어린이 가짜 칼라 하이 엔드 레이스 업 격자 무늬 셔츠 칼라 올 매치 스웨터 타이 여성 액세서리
····················
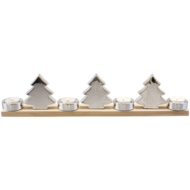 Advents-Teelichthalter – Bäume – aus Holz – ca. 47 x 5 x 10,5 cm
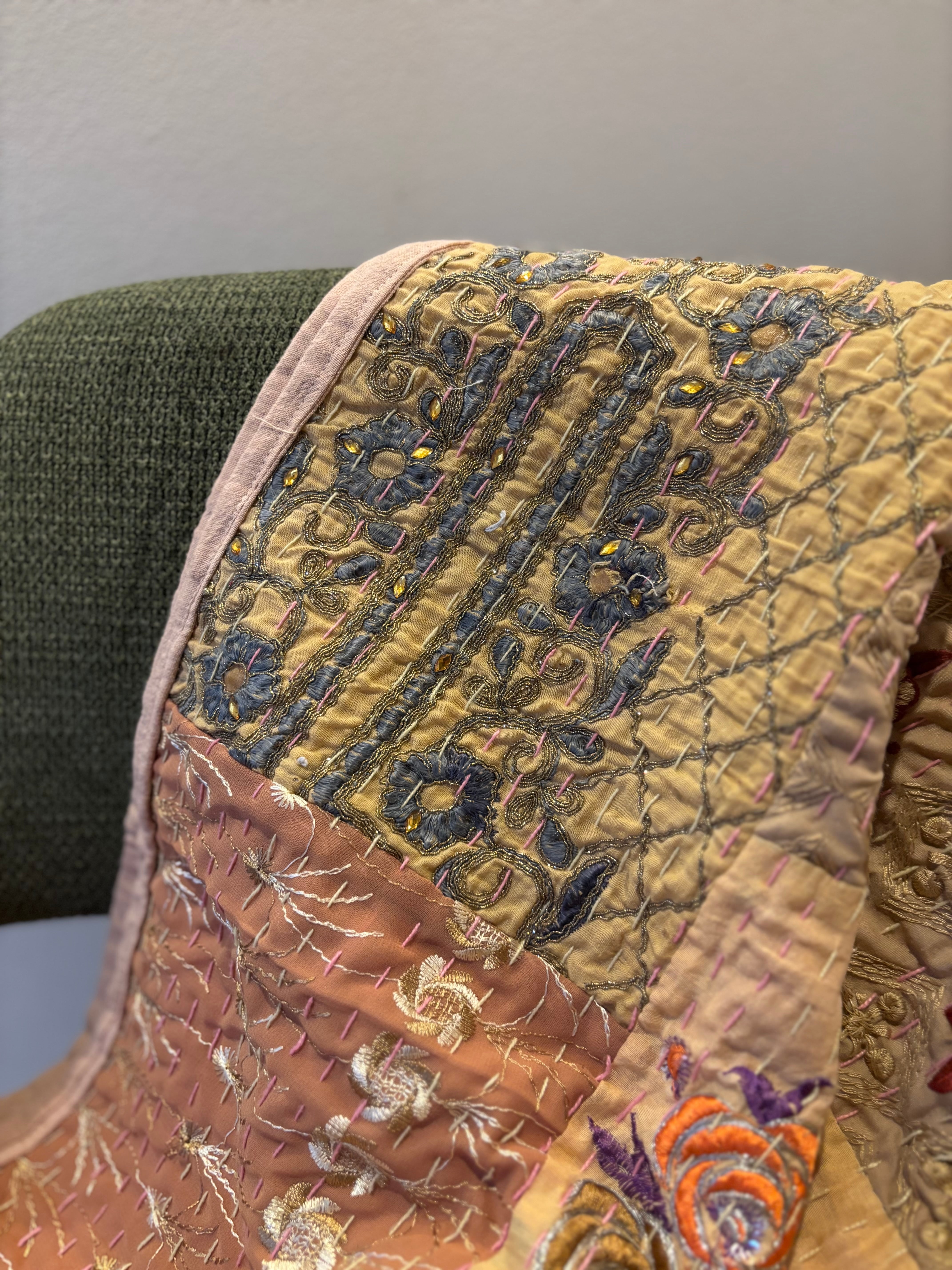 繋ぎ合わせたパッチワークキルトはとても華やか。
····················
**WHAT IS BEING ASKED:**
Transcribe, exactly and without pictures, everything in the data from the line with "Advents-Teelichthalter – Bäume" down to the line with "繋ぎ合わせたパッチワークキルトはとても華やか。", both included.

**RESULT FOR THIS TASK:**
 Advents-Teelichthalter – Bäume – aus Holz – ca. 47 x 5 x 10,5 cm
 繋ぎ合わせたパッチワークキルトはとても華やか。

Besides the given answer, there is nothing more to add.